Each stall was specialized. I would have to go to five, sometimes, six stalls to get all the ingredients for one dish. One for chicken and beef. A couple for vegetables and herbs. One for shrimp paste. A store just for coconut. Everything was as fresh as they can be.

Many of my clearest childhood memories are from that wet market. The sound of cleaver severing meat from bones. The bright saffron color of monks’ robes. The scent of coconut meat going through the grinder. I can still smell it. Creamy and earthy, with a tinge of burnt wood.

Curry was one of my grandmother’s staple dishes. To make the curry paste, she would wrap shrimp paste in banana leaf and grill it over an open flame before blending it with a mixture of garlic, shallots, galangal, and chili pepper I had pounded with stone mortar and pestle. For coconut milk, she would massage the ground coconut with water until the liquid turn opaque white. She did not follow instructions from a cookbook. There was none in our house. She cooked with her taste buds and her talented hands.

Despite having spent countless hours in the kitchen as a child, I don’t like to cook. Unlike my grandmother, I don’t have the fortitude nor a lot of time and energy to spend in the kitchen. But I love to eat and I have a good taste palate. So, when duty calls, I go for dishes that are high in flavors and low in fussiness – those that meet the 80/20 Rule. If I can get 80% satisfaction from 20% input, the dish will be a part of my repertoire.

One of my signature dishes is chicken green curry. And it’s pretty awesome.
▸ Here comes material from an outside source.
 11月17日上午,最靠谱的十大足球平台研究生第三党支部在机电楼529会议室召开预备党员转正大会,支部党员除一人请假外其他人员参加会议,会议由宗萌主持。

I have shared the recipe with several friends and it has become a staple in their homes as well. It’s not my grandmother’s green curry but you can make it in 20 minutes. I have even made it in 15 minutes under duress.
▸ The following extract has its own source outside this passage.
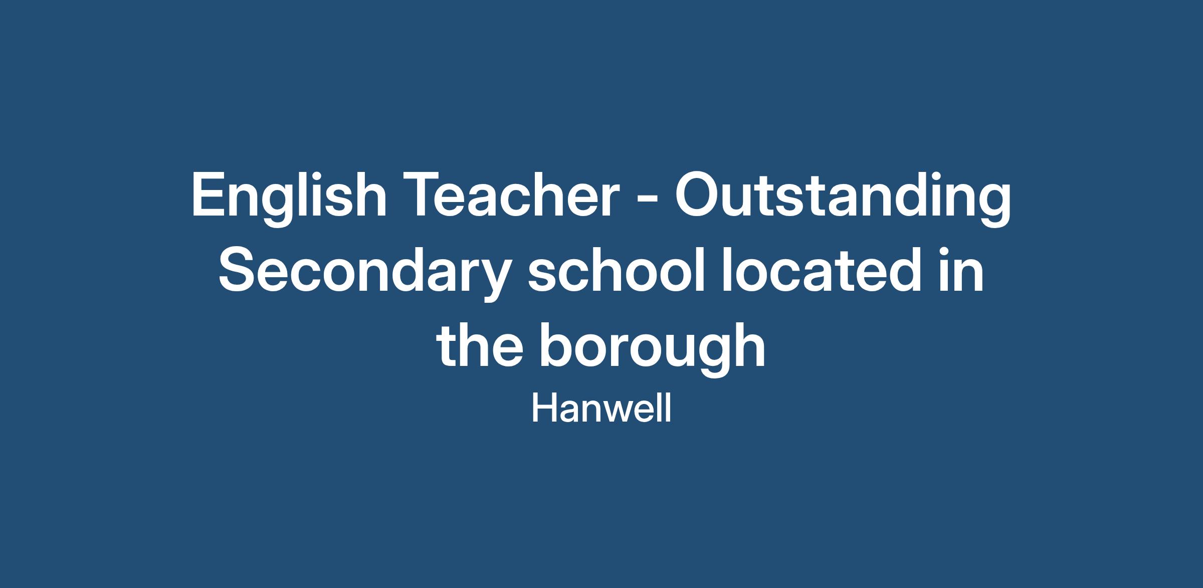 English Teacher - Outstanding Secondary school located in the borough

Without the luxury of a wet market, I use canned coconut milk, curry paste, and bamboo shoots (picture above). They can easily be found at 99 Ranch or Vietnamese market. I highly recommend going during the week. They’re zoos on the weekends.

Ingredients:

  • Cooking oil – 1 Tbs
  • Garlic – minced 3-4 cloves
  • Green curry paste (Mae Ploy brand) – 2 Tbs or more
  • Coconut cream (Mae Ploy brand)
  • Boneless Chicken breast – 1 ½ – 2 lbs chopped into small pieces
  • Fish sauce (Phu Quoc brand if available) – 3 Tbs
  • Chicken broth – ½ can
  • Bamboo shoots (Aroy-D brand in strips) – 1 can drained and rinsed
  • Peas and carrots – ¼ bag frozen
  • Thai eggplants – 10 fresh and quartered (if available)
  • Red bell peppers – 1 sliced into strips
  • Brown sugar – ½ teaspoon
  • 1-2 sprigs Basil leaves and 6 kefir lime leaves – whole leaves (if available)

20 minutes cooking time

In a pot, heat oil and cook garlic until light brown

Add 2 Tbs green curry paste, mix with garlic

Add 1 can of coconut cream, mix thoroughly with curry paste until pale green in color and allow to boil

Add chicken and 2 Tbs fish sauce, reserve the rest to taste

Once boil add ½ can of chicken broth

Add Bamboo shoots, Thai eggplants, peas and carrots

Sprinkle in brown sugar

Taste, then add more curry paste if you want it to be spicier and more fish sauce if you want it to be saltier, or add more chicken broth if you want it to be milder

Add sliced red bell pepper

Let boil once more, then sprinkle with basil leaves and kefir lime leaves

Enjoy!

I’d love to hear your experience in making this dish in the comment section.